2.5. Definition of NAFLD based on the Fatty Liver Index (FLI)
NAFLD has a feature of metabolic syndromes. The FLI can be non-invasively assessed for predicting the presence of NAFLD and calculated as follows: (e 0.953 × ln (triglyceride level) + 0.139 × BMI + 0.718 × ln (ggt) + 0.053 × waist circumference − 15.745/(1+ e 0.953 × ln (triglyceride level) + 0.139 × BMI + 0.718 × ln (ggt) + 0.053 × waist circumference − 15.745) × 100 [20]. An FLI of ≥30 for determining NAFLD has a specificity of 69% and a positive likelihood ratio of 2.43 [21].

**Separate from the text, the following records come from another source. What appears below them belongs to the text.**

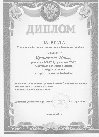 Кульгавый Илья, ученик 1 класса.Победитель районного конкурса рисунков "Дороги Великой Победы". Номинация "Героические сражения Великой Отечественной войны".
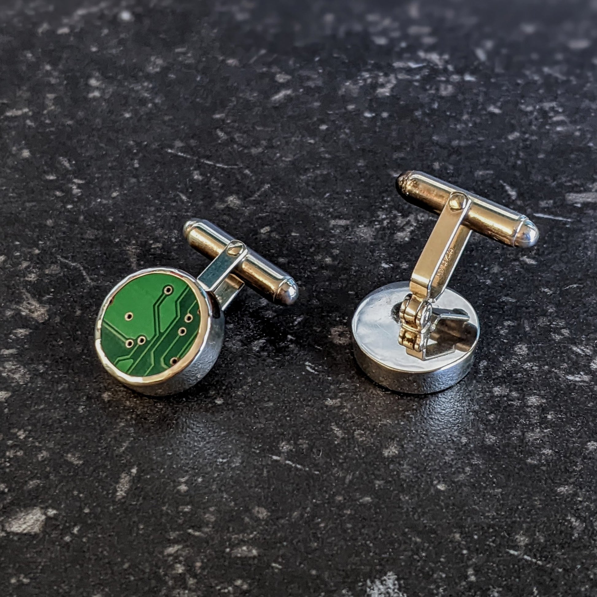 These cufflinks are a unique accessory for any occasion, and make a perfect gift for geek weddings, people working in tech, cyberpunk fashionistas, or green design lovers.
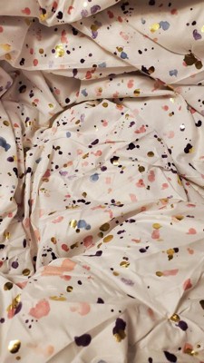 [This review was collected as part of a promotion.] This is a really pretty comforter set! It is so colorful and sparkly with a metallic specs throughout, and I just love it! The lavender backing really sets off the colors just right. And the coordinating pillows that come with it are also very pretty. I am so excited to show my little girl her beautiful new bedroom set.
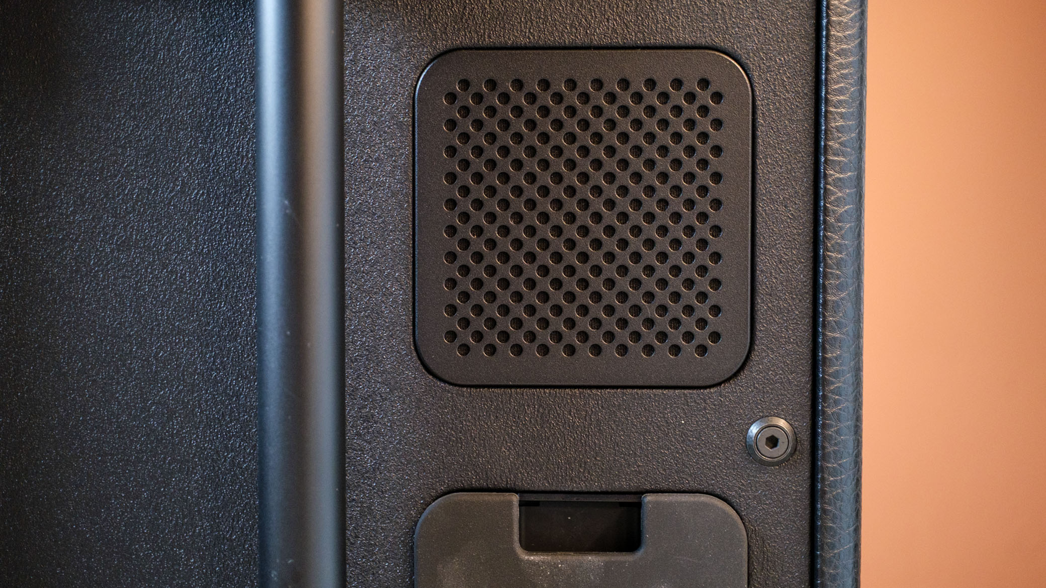 Med to 100 W klasse D forsterkermoduler til bassene, 2 x 50 W til mellomtonene på sidene, og 4 x 50 W til diskantene foran, bak, og på toppene, er det ikke rart høyttaleren spiller så enormt høyt.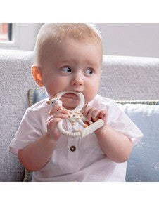 O anel de dentição Sophie La Girafe à base de borracha 100% natural é ideal para aliviar dores nas gengivas do bebé, com diferentes texturas para aliviar ao bebé nas diferentes etapas do processo de dentição. Sophie La Girafe é o primeiro brinquedo para bebés que desperta todos os seus sentidos. Alivia a dor quando surgem os primeiros dentinhos do bebé.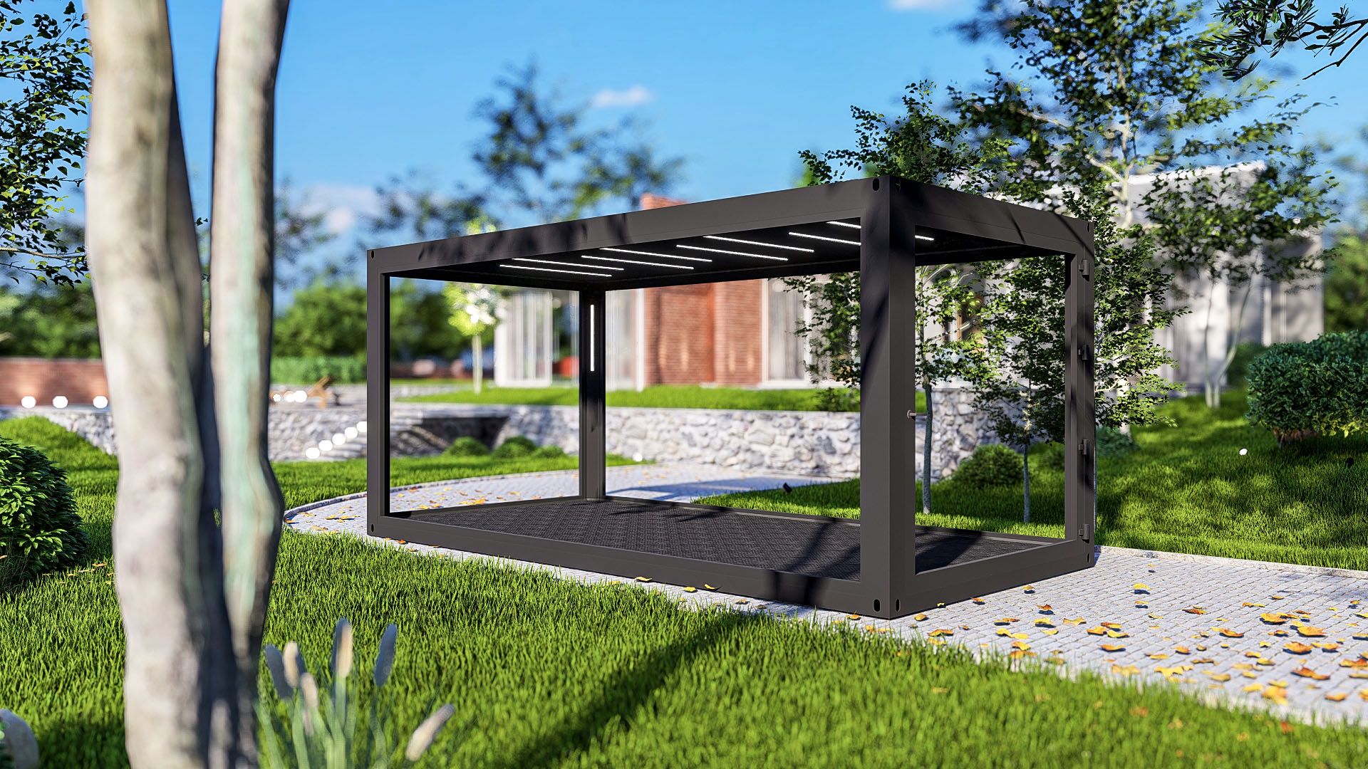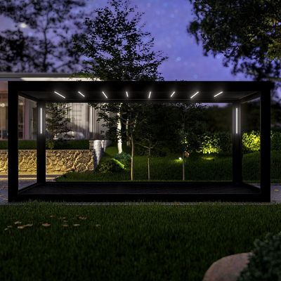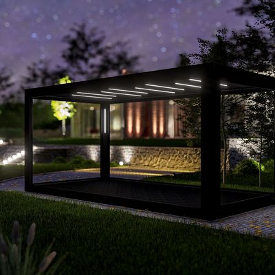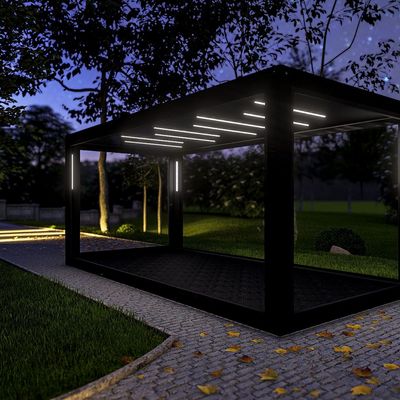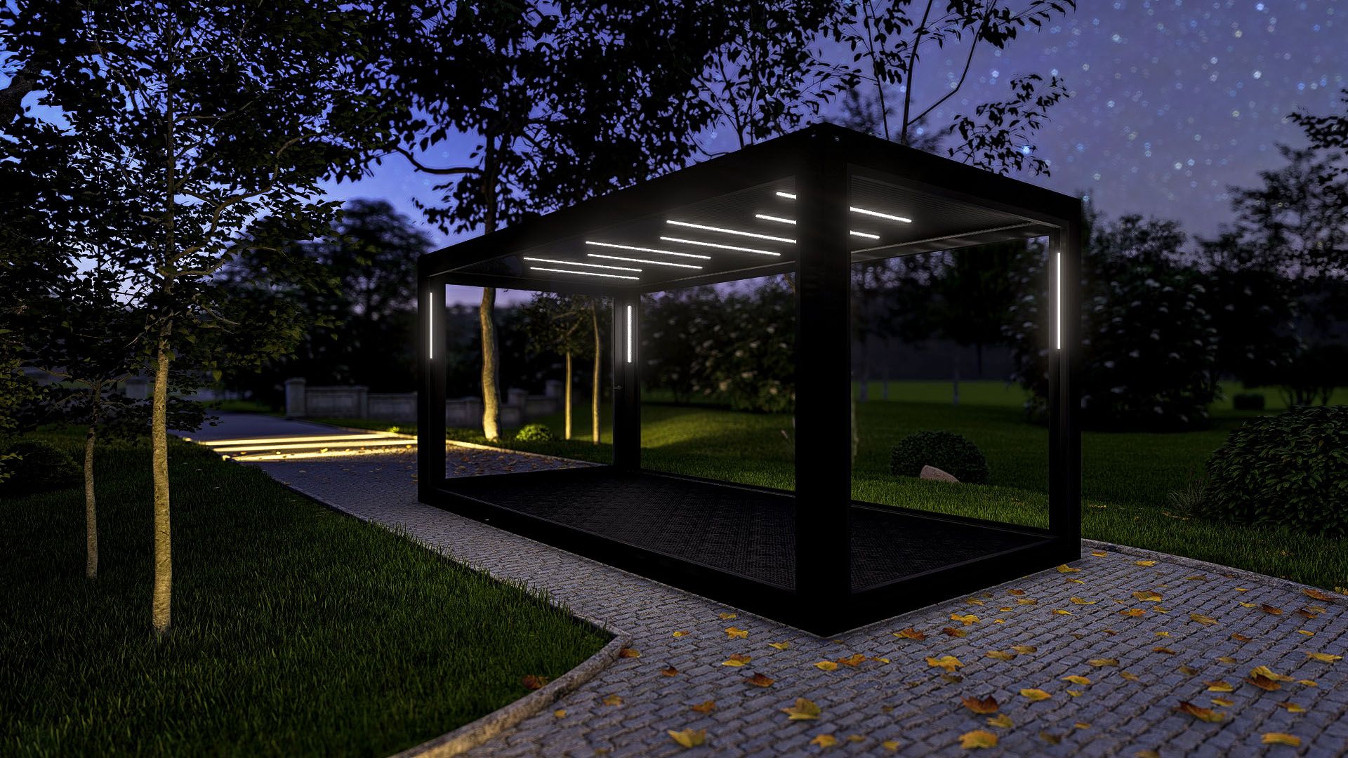 - Deckenverkleidung aus gekanteten Blech-Kassetten in Akustikpaneel-Optik in schwarz mit großflächiger Motiv-RGBW-LED Beleuchtung, dimmbar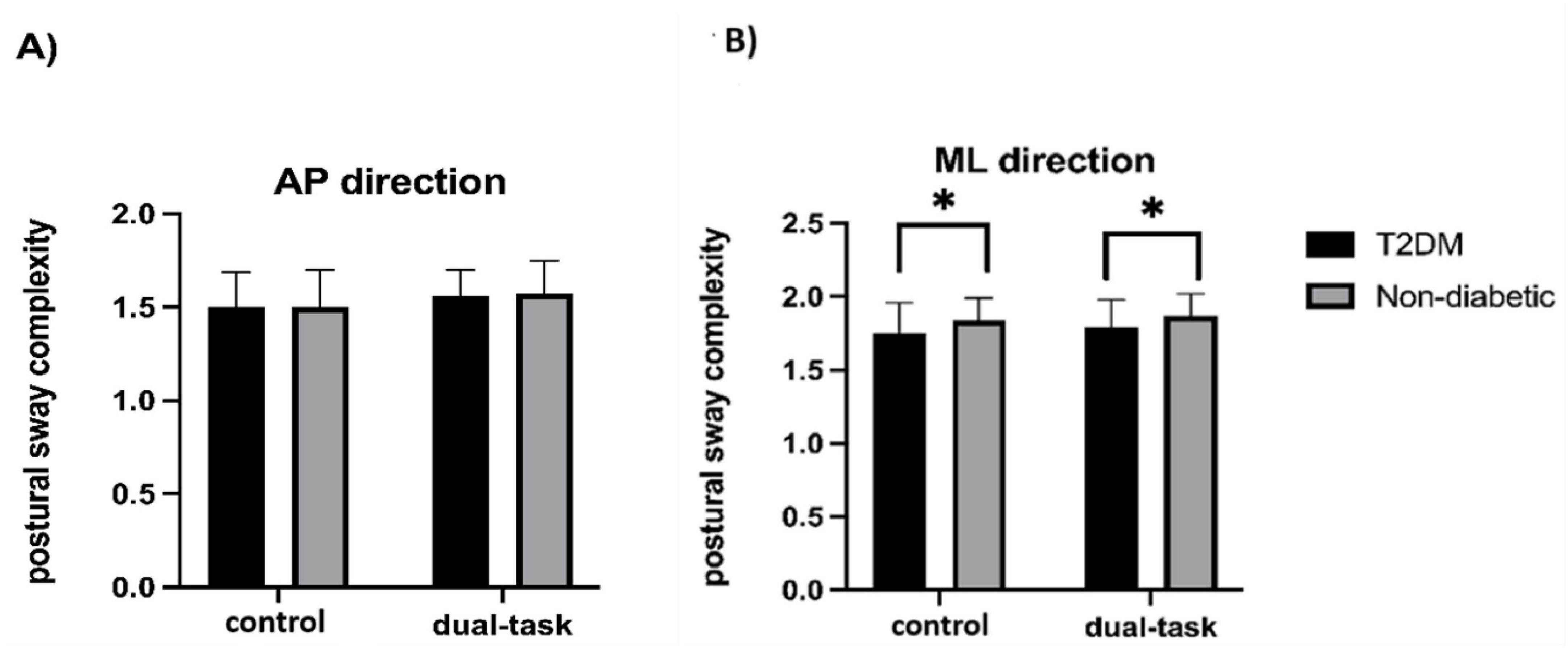 Figure 2. Postural sway complexity in the anterior-posterior (AP) (A) and medial-lateral (ML) (B) directions by group during the control (i.e., quiet standing) and visual search (i.e., dual-task) condition. The T2DM displayed lower ML sway complexity compared to the non-diabetic group irrespective of task condition (Unadjusted: p = 0.02). After controlling for age, sex, and hypertension, the group effect on ML sway complexity trended toward significance (p = 0.05). *Denotes a significant difference between the T2DM and non-diabetic groups.

2.6. Measurement of the Plasma FGF 19 and Serum Total Bile Acid Level
The fasting blood samples obtained will be used to determine the plasma levels of FGF 19 and serum levels of total bile acids. Enzyme immuno-assays for plasma FGF 19 (R&D Systems, Minneapolis, MN, USA) was performed in duplicate [22]. Fasting total serum bile acids were assayed using the 3α-hydroxysteroid dehydrogenase method (Fumouze Diagnostics, Levallois-Perret, France); this was also performed in duplicate [23].
2.7. Statistical Analysis
All statistical analyses were performed using the Statistical Package for Social Sciences software version 12.01 (SPSS, Inc., Chicago, IL, USA). The chi-square test was used to compare categorical variables and the Mann-Whitney test to compare continuous variables. Friedman’s repeated measures analysis of variance on ranks was used to compare between the baseline and postoperative variables serially. Correlations between two groups were analyzed using Spearman’s correlation method. A p value of < 0.05 was considered statistically significant.
3. Results
A total of 18 patients with obesity and T2DM who underwent SG (7 men and 11 women) were enrolled. The baseline average age, body weight, and BMI were 39.5 ± 8.9 years old, 99.4 ± 19.0 kg, and 35.6 ± 5.1 kg/m2, respectively. The duration of T2DM was 3.1 ± 2.9 years. All enrolled patients underwent SG and were followed up for more than 1 year.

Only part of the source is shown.